The aim of this in vitro study was to evaluate the bond strength of Epiphany™ resin-based sealer to dentin walls after placement of calcium hydroxide [Ca(OH)2] dressings. Fifteen extracted single-rooted human teeth were instrumented using 2.5% NaOCl + EDTA as irrigants. The teeth were randomly assigned to 3 groups (n=5), according to the intracanal dressing: G1= Ca(OH)2 + saline; G2= Ca(OH)2 + 2% chlorhexidine gluconate (CHX) gel; and G3= saline (control). After 10 days of storage in 100% humidity at 37ºC, the dressings were removed and the root canals were filled with Epiphany™ sealer. After additional 48 h of storage, the specimens were sectioned transversally into 2-mm-thick discs. Push-out tests were performed (1 mm/min, Instron 4411) and the maximum loads at failure were recorded in MPa. One-way ANOVA and Newman-Keuls tests showed a statistically significant decrease in bond strength when a Ca(OH)2 dressing was used before root canal filling with Epiphany™ (G1= 10.18 ± 1.99 and G2= 9.98 ± 2.97) compared to the control group (13.82 ± 3.9) (p< 0.05). It may be concluded that the use of Ca(OH)2 as an intracanal dressing material affected the adhesion of Epiphany™ to the root canal walls, but even though the values were within the acceptable range found in the literature.
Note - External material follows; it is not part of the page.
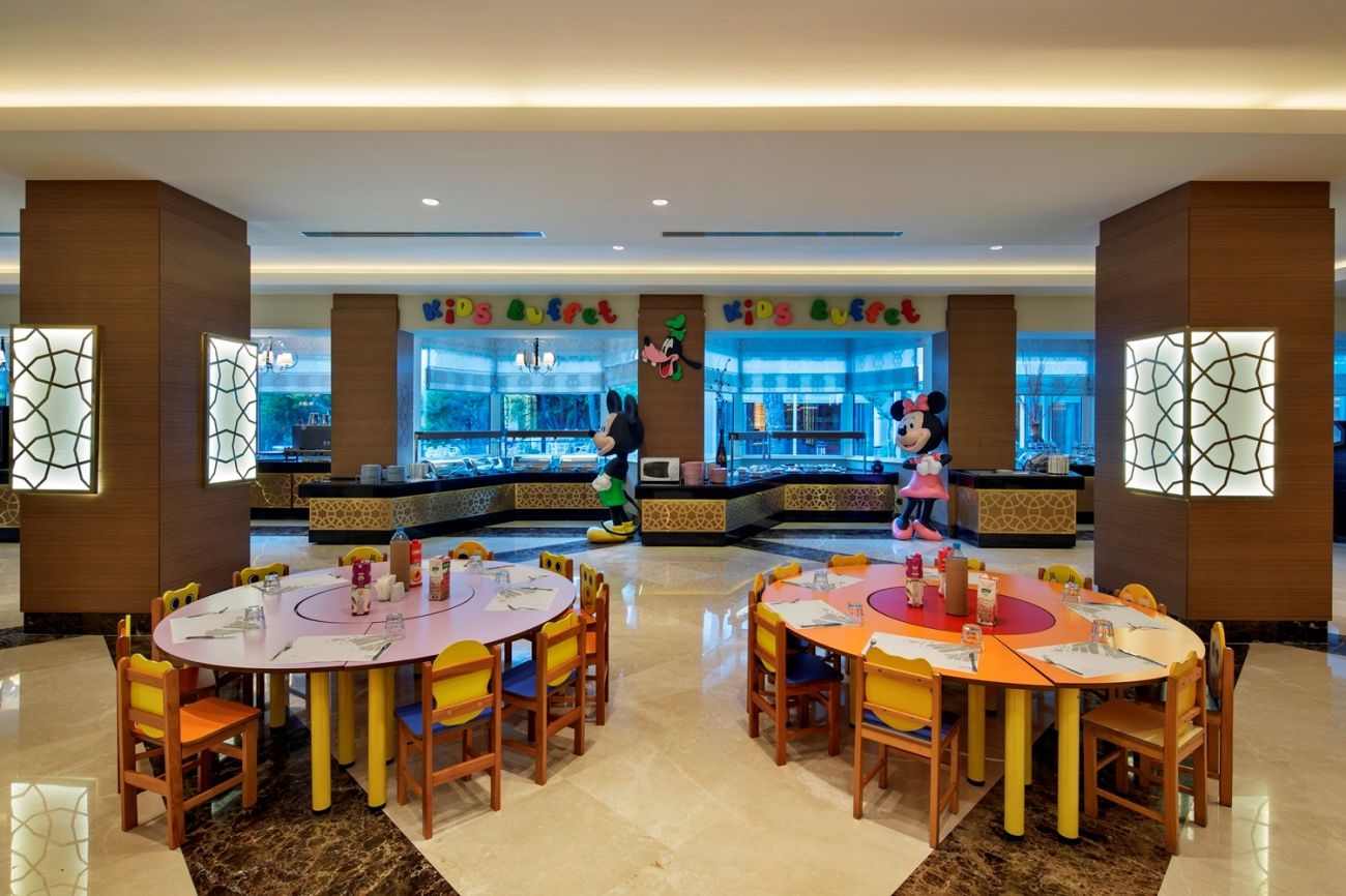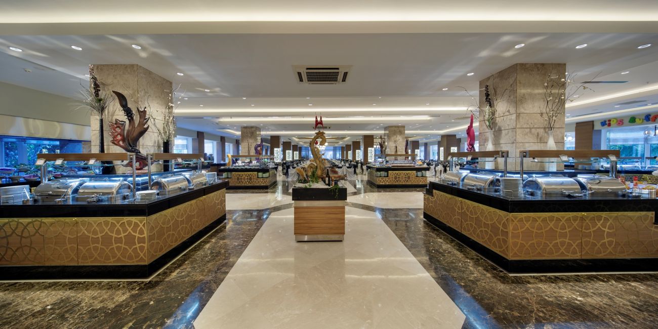 Настаняване на High Class All Inclusive на отворен бюфет в основен ресторант на хотела с вътрешна и външна част. 3 а-ла-карт ресторанта: средиземноморски, източен и мексикански. Снек бар и 3 бара.

adhesion; bond strength; calcium hydroxide; root canal sealers

O objetivo desse estudo in vitro foi avaliar a resistência de união do cimento resinoso Epiphany™ às paredes dentinárias após aplicação de pastas de hidróxido de cálcio [Ca(OH)2]. Quinze dentes humanos uniradiculares foram igualmente instrumentados sob irrigação com as soluções de NaOCl 2,5% + EDTA. Os dentes foram divididos em três grupos (n=5) e tratados com diferentes pastas de Ca(OH)2: G1= Ca(OH)2 + soro fisiológico; G2= Ca(OH)2 + 2% CHX e G3= tratado apenas com soro fisiológico (grupo controle). Após 10 dias de armazenamento a 37°C e 100% de umidade, as medicações foram removidas e os dentes obturados com o cimento Epiphany. Passadas 48 horas de armazenamento adicional, as amostras foram seccionadas tranversalmente em discos de 2 mm de espessura. Os testes de resistência de união (push-out) foram realizados em máquina de ensaio mecânico (1 mm/min) e os resultados expressos em MPa. Os testes de ANOVA e Newman-Keuls mostraram um significante decréscimo nos valores de resistência de união quando as pastas de Ca(OH)2 foram utilizadas (10,18 ± 1,99 e 9,98 ± 2,97) em comparação ao grupo controle (13,82 ± 3,9) (p<0,05). Pode-se concluir que o uso do Ca(OH)2 como medicação intracanal diminuiu a adesão do cimento Epiphany™ às paredes dos canais radiculares, embora os valores de resistência de união estejam dentro das médias aceitáveis encontradas na literatura.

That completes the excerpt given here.